Task statement:
Output the data in full and exactly as presented.

Records contained in a dataset:
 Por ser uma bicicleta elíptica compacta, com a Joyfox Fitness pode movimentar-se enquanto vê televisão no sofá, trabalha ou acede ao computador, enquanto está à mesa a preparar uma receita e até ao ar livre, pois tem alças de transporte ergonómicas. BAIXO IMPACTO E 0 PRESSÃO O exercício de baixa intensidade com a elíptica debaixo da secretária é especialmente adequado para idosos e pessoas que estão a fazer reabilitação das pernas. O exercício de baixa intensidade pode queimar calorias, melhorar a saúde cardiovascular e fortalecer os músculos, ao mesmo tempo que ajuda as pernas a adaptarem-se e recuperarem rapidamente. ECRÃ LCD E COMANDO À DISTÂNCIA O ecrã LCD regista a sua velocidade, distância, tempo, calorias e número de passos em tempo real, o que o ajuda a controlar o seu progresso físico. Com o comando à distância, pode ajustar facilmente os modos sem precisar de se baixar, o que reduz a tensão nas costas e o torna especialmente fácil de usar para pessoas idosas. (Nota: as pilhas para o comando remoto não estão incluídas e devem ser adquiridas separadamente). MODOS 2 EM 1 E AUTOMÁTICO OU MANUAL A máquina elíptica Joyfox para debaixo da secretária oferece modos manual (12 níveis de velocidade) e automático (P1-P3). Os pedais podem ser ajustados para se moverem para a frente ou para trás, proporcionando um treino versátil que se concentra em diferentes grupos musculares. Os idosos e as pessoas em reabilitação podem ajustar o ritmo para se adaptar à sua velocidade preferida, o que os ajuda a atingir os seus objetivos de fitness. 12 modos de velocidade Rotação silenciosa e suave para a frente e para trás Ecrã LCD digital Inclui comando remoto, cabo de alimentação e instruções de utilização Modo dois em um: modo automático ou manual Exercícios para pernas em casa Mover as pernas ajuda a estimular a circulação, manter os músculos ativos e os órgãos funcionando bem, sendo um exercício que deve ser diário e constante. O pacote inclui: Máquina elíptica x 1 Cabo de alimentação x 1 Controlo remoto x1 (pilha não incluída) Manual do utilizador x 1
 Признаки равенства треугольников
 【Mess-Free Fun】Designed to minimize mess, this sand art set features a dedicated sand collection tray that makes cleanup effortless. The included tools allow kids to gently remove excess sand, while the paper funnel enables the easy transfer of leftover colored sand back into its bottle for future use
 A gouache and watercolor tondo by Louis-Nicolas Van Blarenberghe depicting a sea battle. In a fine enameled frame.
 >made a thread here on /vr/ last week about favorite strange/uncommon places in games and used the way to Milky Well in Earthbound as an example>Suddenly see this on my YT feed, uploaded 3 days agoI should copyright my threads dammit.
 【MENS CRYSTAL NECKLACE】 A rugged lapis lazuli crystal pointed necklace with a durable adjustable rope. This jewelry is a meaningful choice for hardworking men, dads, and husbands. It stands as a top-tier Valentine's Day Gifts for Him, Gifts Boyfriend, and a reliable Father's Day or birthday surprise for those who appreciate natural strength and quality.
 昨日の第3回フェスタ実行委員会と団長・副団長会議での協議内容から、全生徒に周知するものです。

Answer section:
 Por ser uma bicicleta elíptica compacta, com a Joyfox Fitness pode movimentar-se enquanto vê televisão no sofá, trabalha ou acede ao computador, enquanto está à mesa a preparar uma receita e até ao ar livre, pois tem alças de transporte ergonómicas. BAIXO IMPACTO E 0 PRESSÃO O exercício de baixa intensidade com a elíptica debaixo da secretária é especialmente adequado para idosos e pessoas que estão a fazer reabilitação das pernas. O exercício de baixa intensidade pode queimar calorias, melhorar a saúde cardiovascular e fortalecer os músculos, ao mesmo tempo que ajuda as pernas a adaptarem-se e recuperarem rapidamente. ECRÃ LCD E COMANDO À DISTÂNCIA O ecrã LCD regista a sua velocidade, distância, tempo, calorias e número de passos em tempo real, o que o ajuda a controlar o seu progresso físico. Com o comando à distância, pode ajustar facilmente os modos sem precisar de se baixar, o que reduz a tensão nas costas e o torna especialmente fácil de usar para pessoas idosas. (Nota: as pilhas para o comando remoto não estão incluídas e devem ser adquiridas separadamente). MODOS 2 EM 1 E AUTOMÁTICO OU MANUAL A máquina elíptica Joyfox para debaixo da secretária oferece modos manual (12 níveis de velocidade) e automático (P1-P3). Os pedais podem ser ajustados para se moverem para a frente ou para trás, proporcionando um treino versátil que se concentra em diferentes grupos musculares. Os idosos e as pessoas em reabilitação podem ajustar o ritmo para se adaptar à sua velocidade preferida, o que os ajuda a atingir os seus objetivos de fitness. 12 modos de velocidade Rotação silenciosa e suave para a frente e para trás Ecrã LCD digital Inclui comando remoto, cabo de alimentação e instruções de utilização Modo dois em um: modo automático ou manual Exercícios para pernas em casa Mover as pernas ajuda a estimular a circulação, manter os músculos ativos e os órgãos funcionando bem, sendo um exercício que deve ser diário e constante. O pacote inclui: Máquina elíptica x 1 Cabo de alimentação x 1 Controlo remoto x1 (pilha não incluída) Manual do utilizador x 1
 Признаки равенства треугольников
 【Mess-Free Fun】Designed to minimize mess, this sand art set features a dedicated sand collection tray that makes cleanup effortless. The included tools allow kids to gently remove excess sand, while the paper funnel enables the easy transfer of leftover colored sand back into its bottle for future use
 A gouache and watercolor tondo by Louis-Nicolas Van Blarenberghe depicting a sea battle. In a fine enameled frame.
 >made a thread here on /vr/ last week about favorite strange/uncommon places in games and used the way to Milky Well in Earthbound as an example>Suddenly see this on my YT feed, uploaded 3 days agoI should copyright my threads dammit.
 【MENS CRYSTAL NECKLACE】 A rugged lapis lazuli crystal pointed necklace with a durable adjustable rope. This jewelry is a meaningful choice for hardworking men, dads, and husbands. It stands as a top-tier Valentine's Day Gifts for Him, Gifts Boyfriend, and a reliable Father's Day or birthday surprise for those who appreciate natural strength and quality.
 昨日の第3回フェスタ実行委員会と団長・副団長会議での協議内容から、全生徒に周知するものです。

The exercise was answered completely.